Link: https://lore.kernel.org/kvmarm/86v82ckimh.wl-maz@kernel.org/
Signed-off-by: Kunkun Jiang <jiangkunkun@huawei.com>
---
 arch/arm64/kvm/vgic/vgic-its.c | 3 +++
 1 file changed, 3 insertions(+)

diff --git a/arch/arm64/kvm/vgic/vgic-its.c b/arch/arm64/kvm/vgic/vgic-its.c
index 40bb43f20bf3..060605fba3b6 100644
--- a/arch/arm64/kvm/vgic/vgic-its.c
+++ b/arch/arm64/kvm/vgic/vgic-its.c
@@ -2094,6 +2094,7 @@ static int vgic_its_save_ite(struct vgic_its *its, struct its_device *dev,
 	       ((u64)ite->irq->intid << KVM_ITS_ITE_PINTID_SHIFT) |
 		ite->collection->collection_id;
 	val = cpu_to_le64(val);
+	BUG_ON(ite_esz > sizeof(val));
 	return vgic_write_guest_lock(kvm, gpa, &val, ite_esz);
 }
 
@@ -2246,6 +2247,7 @@ static int vgic_its_save_dte(struct vgic_its *its, struct its_device *dev,
 	       (itt_addr_field << KVM_ITS_DTE_ITTADDR_SHIFT) |
 		(dev->num_eventid_bits - 1));
 	val = cpu_to_le64(val);
+	BUG_ON(dte_esz > sizeof(dte_esz));
 	return vgic_write_guest_lock(kvm, ptr, &val, dte_esz);
 }
 
@@ -2433,6 +2435,7 @@ static int vgic_its_save_cte(struct vgic_its *its,
 	       ((u64)collection->target_addr << KVM_ITS_CTE_RDBASE_SHIFT) |
 	       collection->collection_id);
 	val = cpu_to_le64(val);
+	BUG_ON(esz > sizeof(val));
 	return vgic_write_guest_lock(its->dev->kvm, gpa, &val, esz);
 }
 
-- 
2.33.0

Re: [PATCH 1/3] KVM: arm64: vgic-its: Add a data length check in vgic_its_save_*

[Oliver Upton]

Hi,

On Thu, Jun 20, 2024 at 09:06:48PM +0800, Kunkun Jiang wrote:
> In all the vgic_its_save_*() functinos, it does not check
> whether the data length is larger than 8 bytes before
> calling vgic_write_guest_lock.
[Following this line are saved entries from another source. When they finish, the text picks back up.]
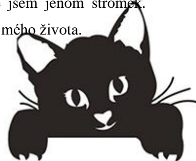
Matěj Strejc 7.A
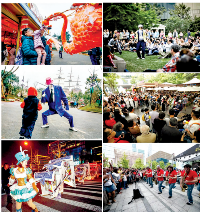
从小而美、小而精起步，不拥有传统意义上“大型文化地标”的静安，也能打造属于自己的大型文化品牌。
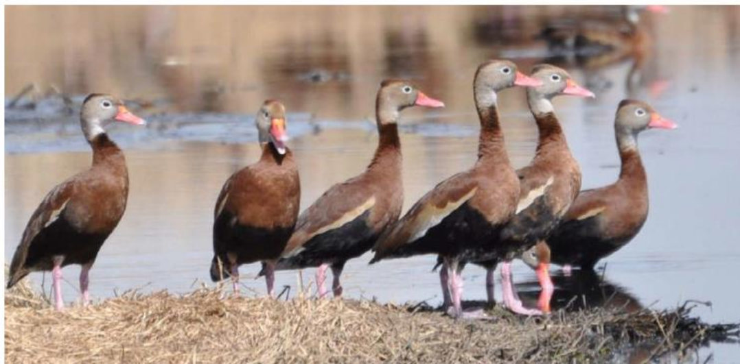
En La Presa La Vega habitan más de 190 especies de aves.

Naturaleza. La Semadet llevará a cabo una serie de actividades alrededor del estado para destacar la importancia del cuidado y conservación de estos cuerpos de agua, en el marco de su día mundial
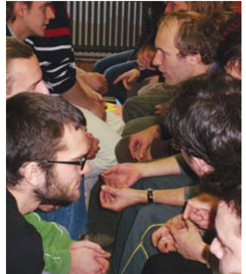
oben links | Zivildienstleistende üben, wie bei Konflikten eingegriffen werden kann.
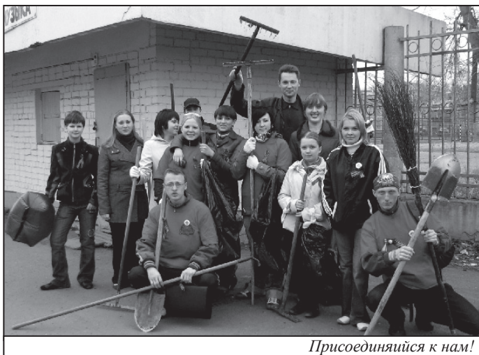
Присоединяйся к нам!

Восьмого мая в 16.00 возле спорткомплекса «Локомотив» началась акция «За чистый город!» Организаторами являлись
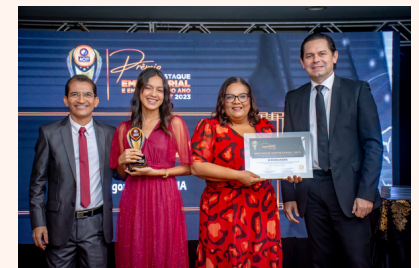
MM MALHARIA Malharia
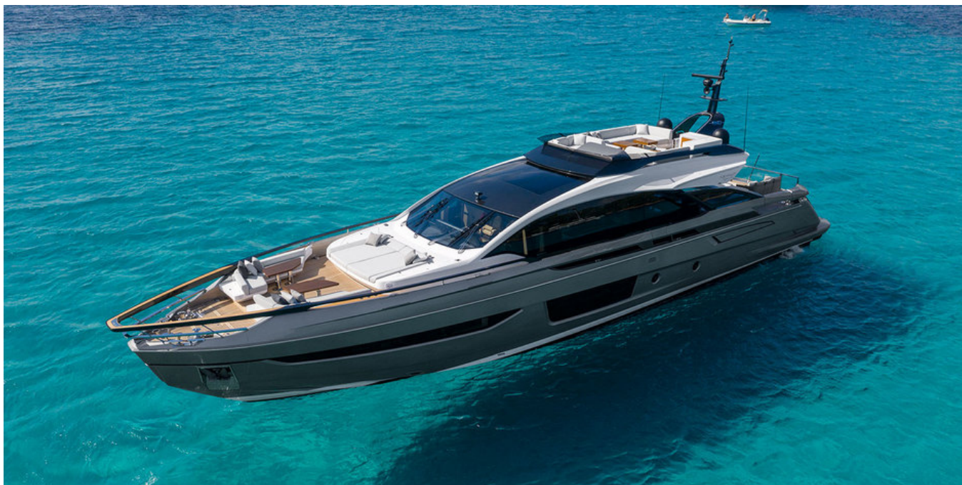
Экстерьер Azimut Grande S10
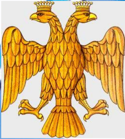
Герб 15 века
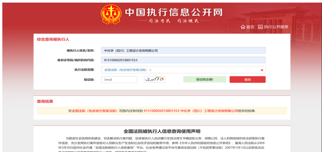
中国执行信息公开网截图
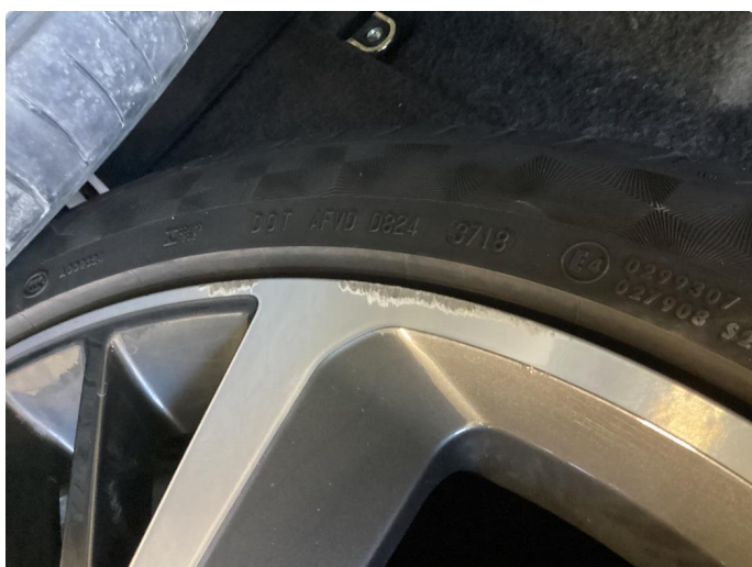
1.1 Noen små merker på felger

This patch add the check.
> 
> Link: https://lore.kernel.org/kvmarm/86v82ckimh.wl-maz@kernel.org/
> Signed-off-by: Kunkun Jiang <jiangkunkun@huawei.com>
> ---
>  arch/arm64/kvm/vgic/vgic-its.c | 3 +++
>  1 file changed, 3 insertions(+)
> 
> diff --git a/arch/arm64/kvm/vgic/vgic-its.c b/arch/arm64/kvm/vgic/vgic-its.c
> index 40bb43f20bf3..060605fba3b6 100644
> --- a/arch/arm64/kvm/vgic/vgic-its.c
> +++ b/arch/arm64/kvm/vgic/vgic-its.c
> @@ -2094,6 +2094,7 @@ static int vgic_its_save_ite(struct vgic_its *its, struct its_device *dev,
>  	       ((u64)ite->irq->intid << KVM_ITS_ITE_PINTID_SHIFT) |
>  		ite->collection->collection_id;
>  	val = cpu_to_le64(val);
> +	BUG_ON(ite_esz > sizeof(val));

Does it really make sense to blow up the kernel over this? (hint: no)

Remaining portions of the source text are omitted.